The problem: Type out the lines below exactly, from the first through the line holding "A Sports watch", and include no pictures.

Source data:
___

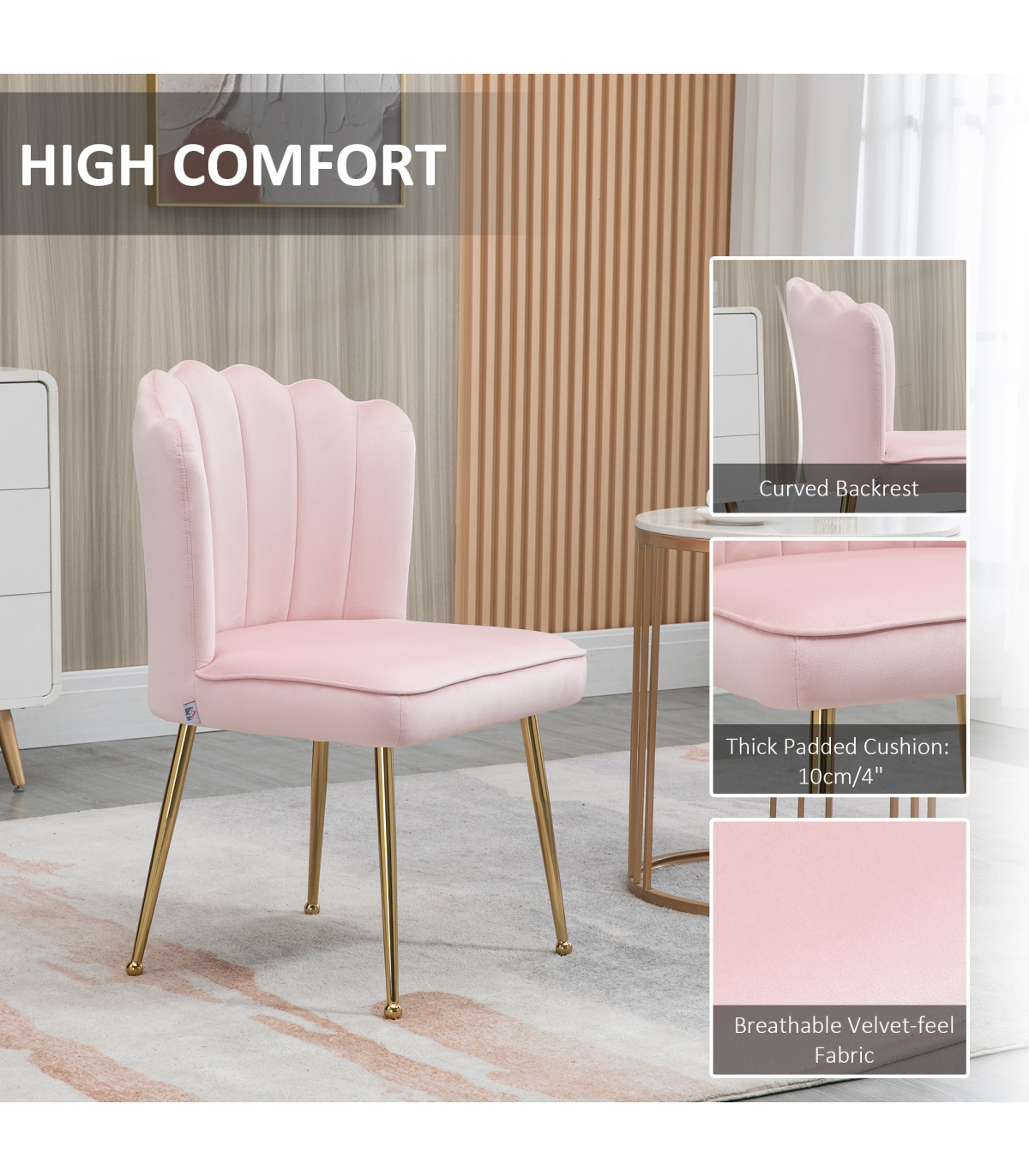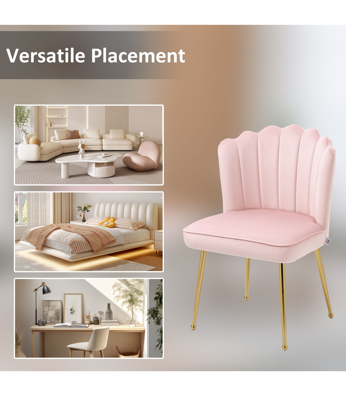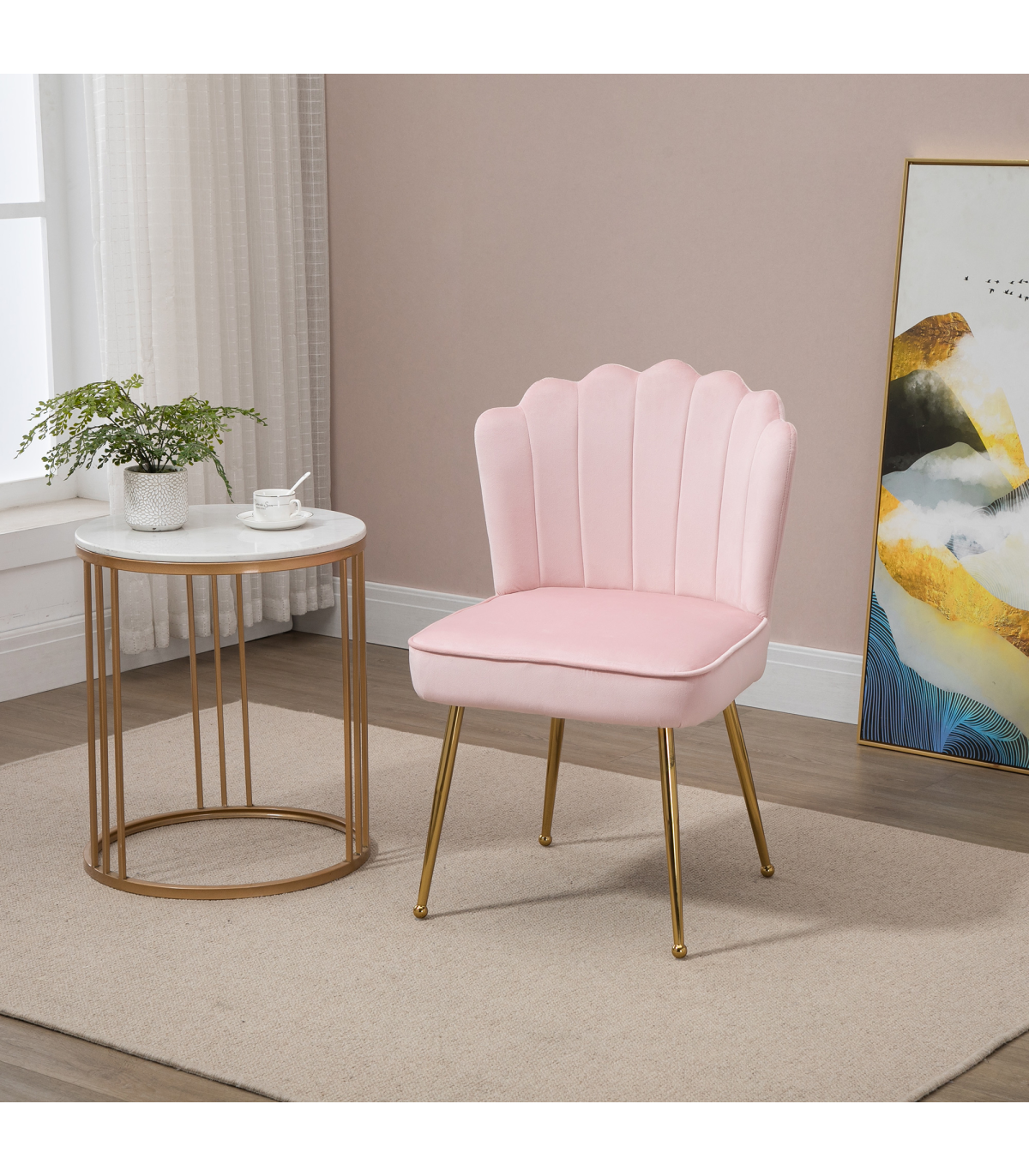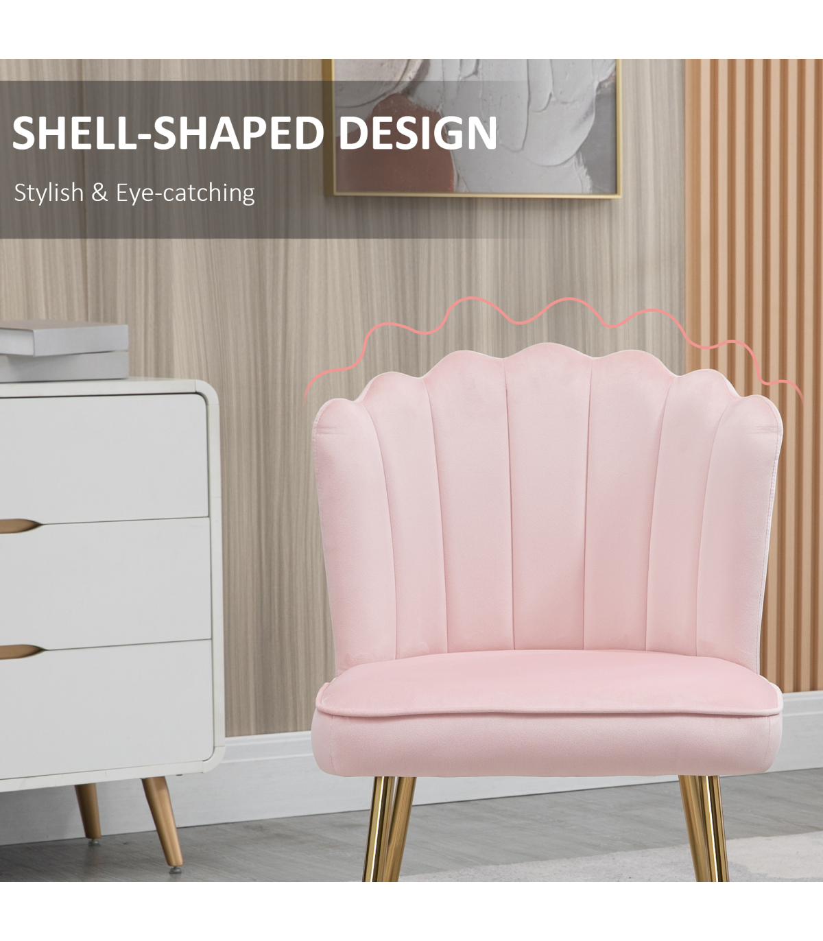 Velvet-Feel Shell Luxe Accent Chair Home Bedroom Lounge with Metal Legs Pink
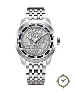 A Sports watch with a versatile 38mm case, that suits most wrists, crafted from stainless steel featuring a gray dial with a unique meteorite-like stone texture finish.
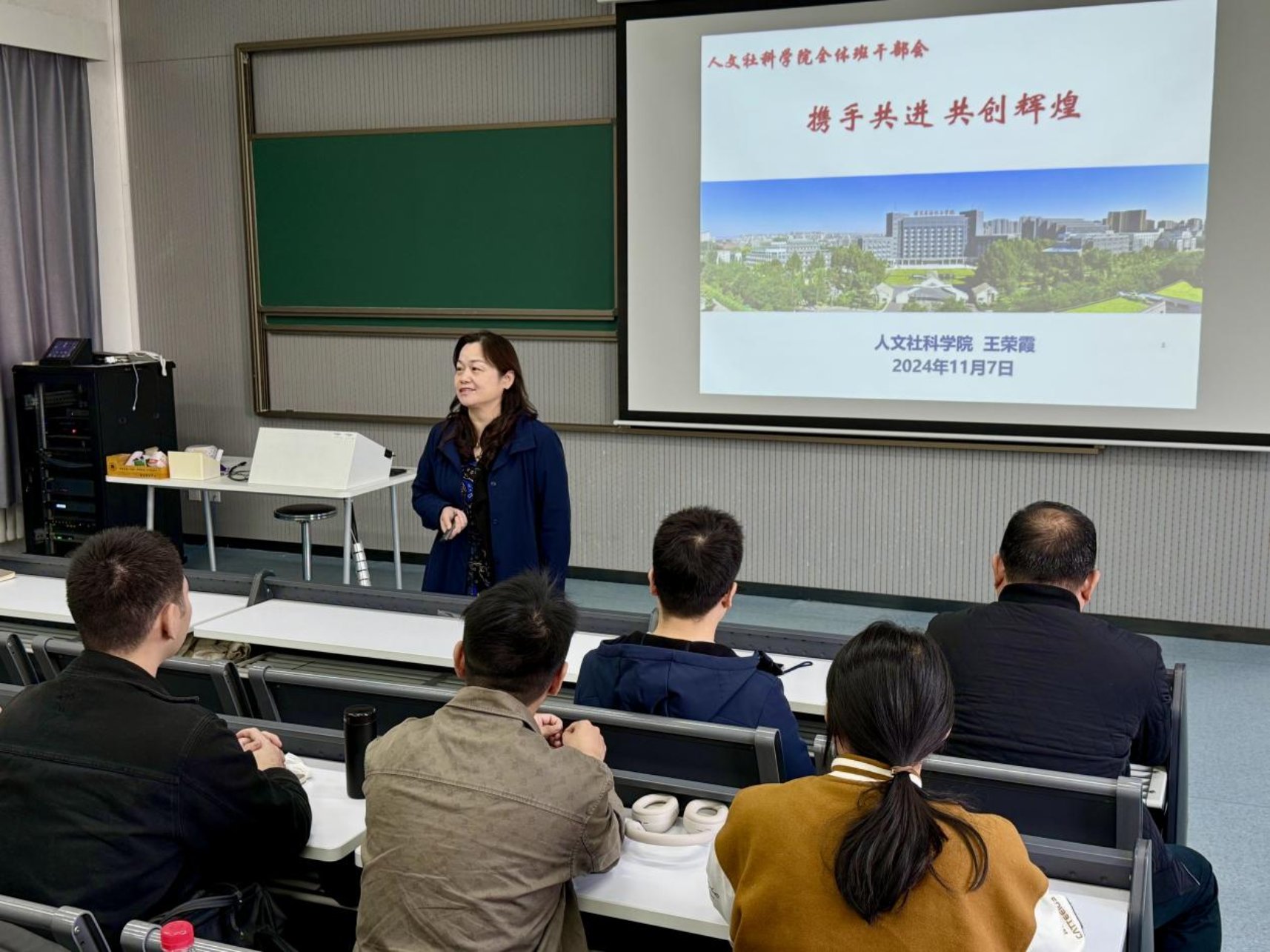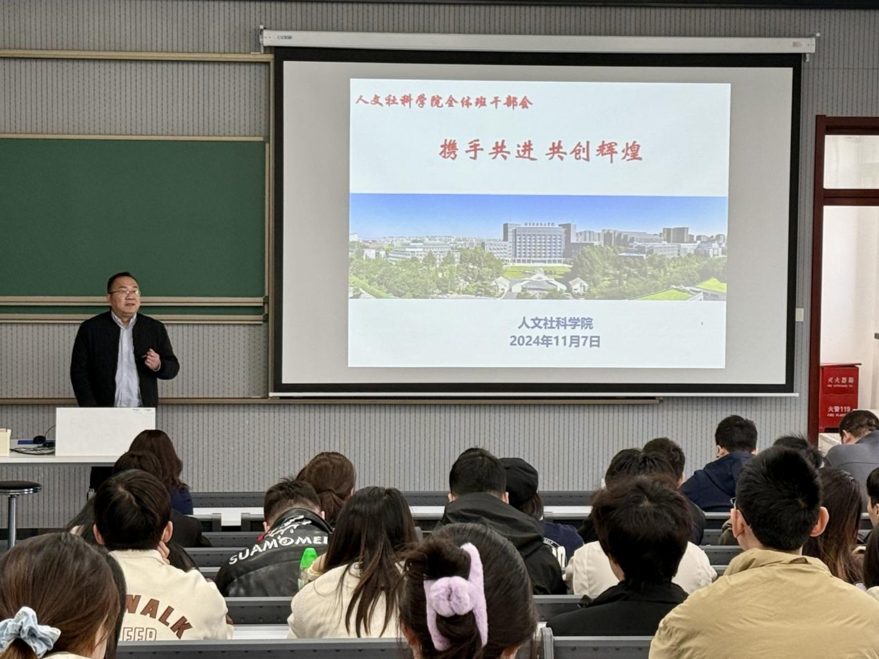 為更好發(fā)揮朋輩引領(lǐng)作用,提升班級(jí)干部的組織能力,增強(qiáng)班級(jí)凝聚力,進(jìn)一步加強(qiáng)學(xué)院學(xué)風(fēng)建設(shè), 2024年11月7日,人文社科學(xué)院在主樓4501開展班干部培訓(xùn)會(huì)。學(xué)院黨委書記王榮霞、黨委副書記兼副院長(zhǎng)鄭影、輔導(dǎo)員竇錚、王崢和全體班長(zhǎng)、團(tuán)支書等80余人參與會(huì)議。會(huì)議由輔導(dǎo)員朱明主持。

___

Response below:
 Velvet-Feel Shell Luxe Accent Chair Home Bedroom Lounge with Metal Legs Pink
 A Sports watch with a versatile 38mm case, that suits most wrists, crafted from stainless steel featuring a gray dial with a unique meteorite-like stone texture finish.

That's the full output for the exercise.